At the June 1 local elections, voters will cast for a total of 4,132 public officials, including: 17 metropolitan mayors and provincial governors and superintendents of local education offices; 226 city mayors, heads of counties, and heads of district offices; 872 members of provincial and metropolitan councils; 2,988 members of district offices; five members of the board of education; and seven lawmakers to fill vacant National Assembly seats as a result of candidacy for local elections. The number of total candidates amounts to 7,616, with an average competition rate of 1.8 to 1. Of note, the number of city and provincial government members and members of city/gun/district offices, who will be practically in charge of administering budgets and local affairs, is 3,860 in aggregate, taking up 93.4 percent of the total election apportionment. The seats of local government councils garner less attention compared to that given to metropolitan mayors and provincial governors, but their importance is no way less important considering the role they play, for example, by legislating ordinances, and the impact they can have upon voters’ lives.

The ruling and opposition parties have carried an all-out war, viewing that this year’s local election, which is taking place in 84 days since the March 9 presidential election, is an early assessment of the new administration. If the ruling party wins the local election, it will secure a stable source of power to run state affairs, whereas the opposition party’s victory, which will outrun the ruling party both in the National Assembly and local governments, may strengthen further the check and balance against the new government.

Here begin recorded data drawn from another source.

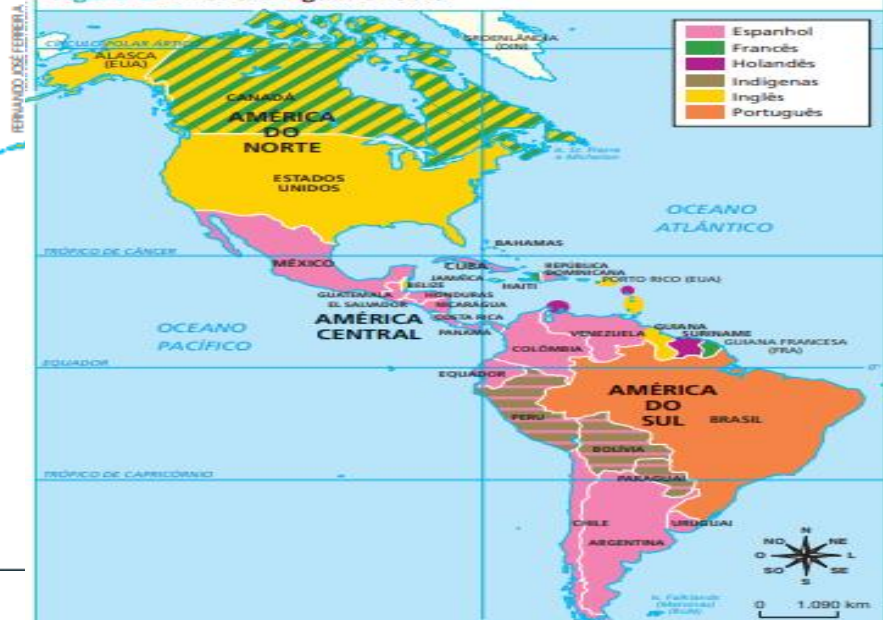
Figura 5. América: línguas oficiais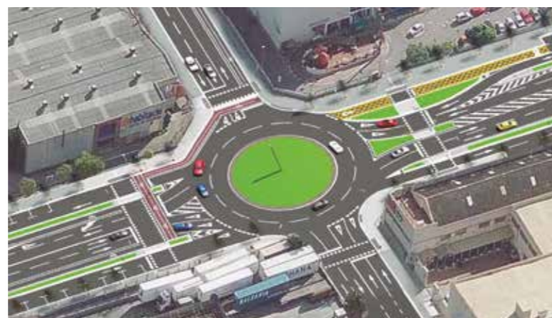
▶ Imatge simulada de com serà la rotonda que s'està construint al davant del futur centre comercial de Laureà Miró.

La nova rotonda permetrà millorar l'accessibilitat dels vehicles a la zona i facilitar el pas dels vianants amb cruïlles amb semàfors. A més, es millorarà el carril bici perquè tingui més seguretat, s'eliminaran les barreres arquitectòniques, es mantindran els carrils laterals de la carretera, es milloraran l'entrada i sortida de l'aparcament del centre comercial, el qual disposarà de senyalització específica a l'exterior amb el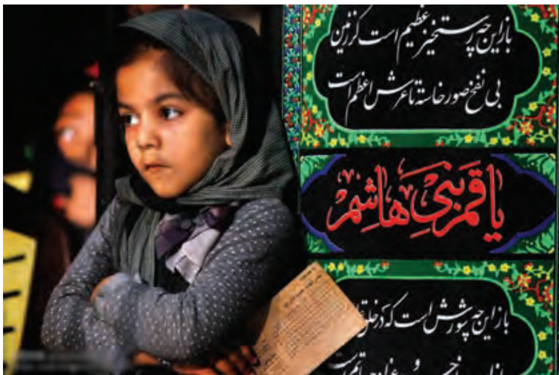
▲ تصویر ۱۸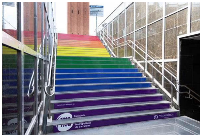
L'escala de la sortida Exposició de l'estació d'Espanya decorada amb la bandera multicolor.

Enguany, l'estació de metro d'Universitat va acollir el passat 25 de juny a la tarda una exhibició de dansa d'estil voguing i fins al 30 de juny es poden veure decorats amb els colors de la bandera LGTBI els graons de les escales d'accés de l'estació d'Espanya (L1 i L3) que donen a les Torres Venecianes de l'avinguda Maria Cristina.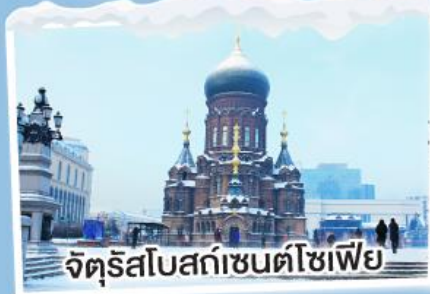
จัตุรัสโบสถ์เซนต์โซเฟีย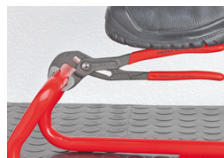
Gegen die Drehrichtung versetzte Zähne bewirken einen Selbstklemmeffekt und verhindern das Abrutschen am Werkstück.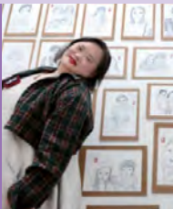
여, 지적장애, 캐리커처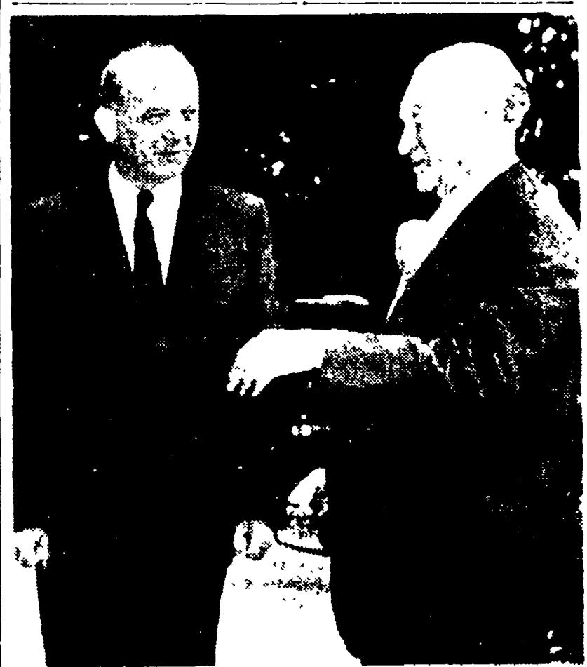
CADENABRIA - L'incontro del segretario di Stato americano, Dean Rusk, con il cancelliere di Bonn, Adenauer a Cadenabbia

WASHINGTON, 10 - La conferenza stampa del Presidente Kennedy, annunciata da diversi giorni, si è svolta oggi alle 15 (ora italiana), ma ha lasciato un po' delusi tutti coloro che l'anno scorso ascoltata il capo dello Stato americano si erano immaginati a qualche dichiarazione piuttosto generica sui principali problemi del momento, in particolare quelli tedeschi.

The People Power Party’s objective is to take up at least nine seats for the heads of local metropolitan governments and put pressure on the main opposition Democratic Party. The ruling party made sure it did not become complacent about the optimistic outlook over poll results showing predominance of the ruling party. “Only the voting public is a real number we can count on; those who do not cast votes are the same as abstention. We cannot afford to be complacent,” said Kwon Seong-dong, the ruling party’s floor leader.

The Democratic Party is fighting with its back to the wall, determined to take hold of at least two seats for the heads of local governments, along with the ones in its traditional strongholds, Gwangju, South Jeolla, and North Jeolla Province, and Jeju. Kim Min-seok, the co-chair of the Democratic Party’s general headquarters, said that its goal is to hold a firm victory in at least four metropolitan mayoral and gubernatorial races, and that it would be a huge victory for the party if it wins five to six mayoral and gubernatorial positions.

The 2022 Local Election will kick off at 6 a.m. at 14,465 polling stations nationwide and run until 6 p.m. Eligible voters can cast their ballots at their designated polling stations. COVID-19 patients and those in quarantine are allowed to vote between 6:30 p.m. to 7:30 p.m. at their designated polling stations.